What a total fucking cunt 









> The head of discount store Trago Mills has described Welsh language signage as “visual clutter”, criticised Welsh-medium education and advised people to embrace English.
> 
> In a letter that has enraged language activists, Bruce Robertson sent his comments to Welsh Language Commissioner Meri Huws in May.
> 
> ...


_
And here's just how big a piece of shit he is: 



			Robertson placed advertisements in the 1980s and 1990s calling for the castration of gay men. The United Kingdom Advertising Standards Authority ruled against Trago Mills and demanded the withdrawal of all advertisements in 1998.Trago still occasionally runs inflammatory copy within their ads, one entitled "For any cash strapped Moslems reading this…" appeared in the Falmouth Packet in 2009 to promote a book by senior UKIP official David Challice

With his son and successor, Bruce, Robertson supported Eurosceptic political parties, most recently the United Kingdom Independence Party (UKIP). Robertson famously threatened to refuse to stop using imperial measures in his stores, attributing UK metricisation to the European Union (Trago today sells goods in metric quantities, sometimes with imperial equivalents, in line with the law). He remains opposed to speculative immigration from Eastern Europeans. Robertson supports job-specific immigration, more liberally than some in UKIP. In January 2007, the Mid Devon Star noted his large Newton Abbot site employed around 30 Poles.

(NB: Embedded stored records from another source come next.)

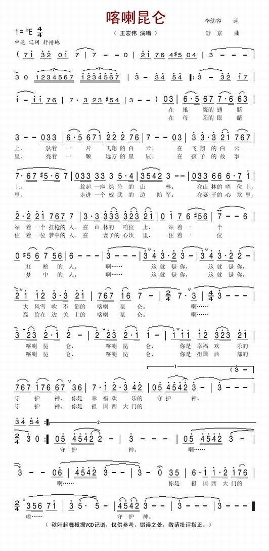 喀喇昆仑-王宏伟(简谱 歌谱 歌曲简谱 合唱简谱 影视简谱)
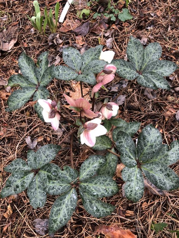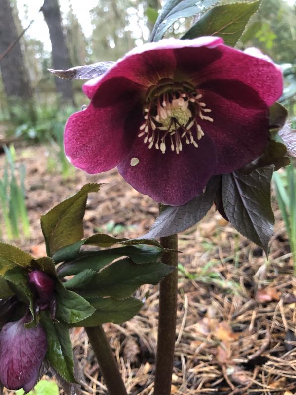 Hier finde ich das Laub viel schöner als die Blüten: Helleborus x ericsmithii 'Winter Moonbeam'
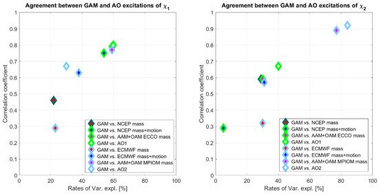 For identical time series, rates of variance equaled , and for time series not fitting at all it might be even negative. For equatorial components, a better correspondence of AO2 series with the observed GAM excitations was found, over AO1 excitations, whose rates of explained variance reached , and the correlation coefficient was equal to 0.92 (the highest among all the considered geophysical excitations). However, the agreement between GAM and AO1 excitations for was better than for AO2 excitations. Compared to the RMS of full excitations, both the matter and motion terms of the atmospheric and oceanic effects are important and have different impacts on interannual PM excitations. Despite these promising results, it was not possible to find a conclusive indication of which combination of AAM and OAM is the best to explain GAM excitations.
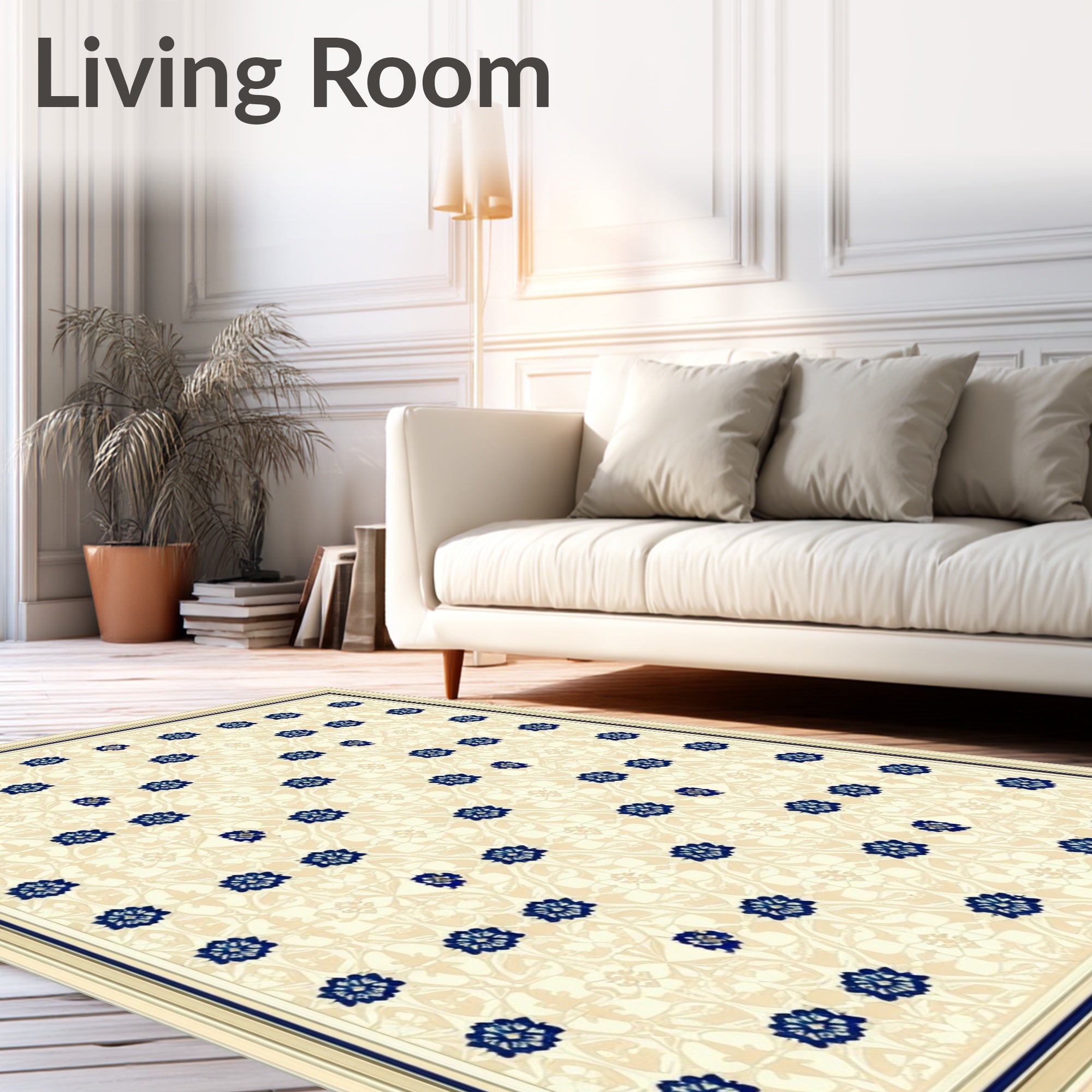 Ultra Soft Area Rug, Non Slip, Stain Resistant, Washable Area Rugs for Living Room, Bedroom, Artisan Filigree Area Featuring Classic Lattice and Blue Floral Accents(Beige) Overview:
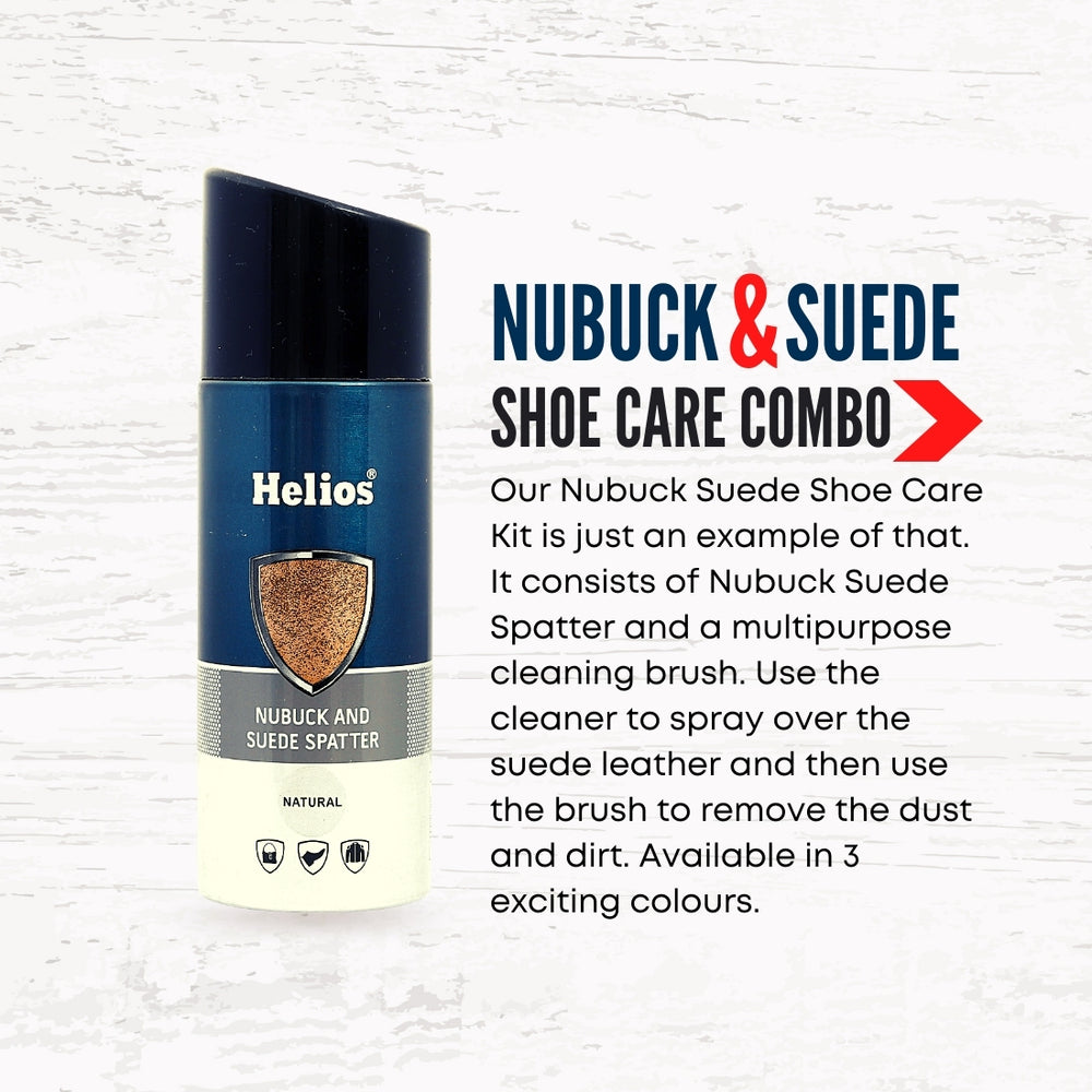 We at Helios believe in making our users lives easy by making their shoe care experience smooth, short and shinier. And our Nubuck Suede Shoe Care Kit is just an example of that. It consists of Nubuck Suede Spatter and a multipurpose cleaning brush. Use the cleaner to spray over the suede leather and then use the brush to remove the dust and dirt. Available in 3 exciting colours. Just match the colour of your shoe to our shade card (required) and order to give your shoes a new life. Note: The colours may slightly vary so kindly use on a small area at the back of the shoe to match the colour.
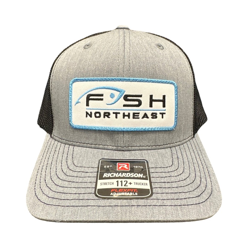 FISH Northeast embroidered patch on a Richardson 112 Stretch Trucker snapback hat. Comfortable with a chill trucker vibe.
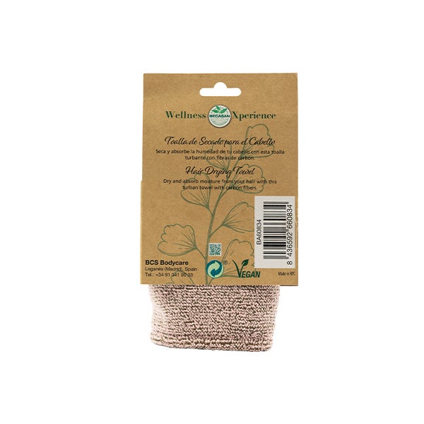 Utilizar depois da lavagem do cabelo. Forme um turbante na sua cabeça e amarre o botão para uma secagem rápida e cuidadosa.

In September 2011, the company was fined £199,588 after admitting five breaches of the Environmental Protection Act. This followed the discovery of "several thousand tonnes" of dumped waste, including asbestos, at its Newton Abbot and Liskeard sites.[15] The fine was reduced to £65,000 in January 2012 after an Exeter Crown Court judge accepted that Trago Mills had paid nearly £500,000 in clean-up costs

In 2014, Trago Mills was featured on BBC's Fake Britain, after local trading standards discovered fake top-brand shampoo on sale in store. Trago management said that the product had been purchased from a reliable source and they had worked closely with local trading standards to ensure that the product was taken off sale once it had been identified as a fake.

Trago Mills - Wikipedia

Click to expand...

_


----------



## ddraig (Jun 29, 2018)

Saw this yesterday, the front and entitlement on him! 
That place is a monstrosity as well

Sadly you'll see many people saying that Welsh is forced on children and holds them back as well as being no value in comment sections etc


----------



## editor (Jun 29, 2018)

ddraig said:


> Saw this yesterday, the front and entitlement on him!
> That place is a monstrosity as well
> 
> Sadly you'll see many people saying that Welsh is forced on children and holds them back as well as being no value in comment sections etc


Yet the advantages for children learning two languages are very well documented.


----------



## Poi E (Jun 29, 2018)

Same sort of idiots in Scotland and Ireland, and Cornwall, too, I suspect. One nation to rule them all with one language. Relic of empire. End London Rule.


----------



## mwgdrwg (Jun 29, 2018)

It dud not affect mi in eni wê!


----------



## 8ball (Jun 29, 2018)

editor said:


> Yet the advantages for children learning two languages are very well documented.



Hmm, yeah.  I never knew anyone who went to a Welsh-medium school or spoke it at home who was deficient in English.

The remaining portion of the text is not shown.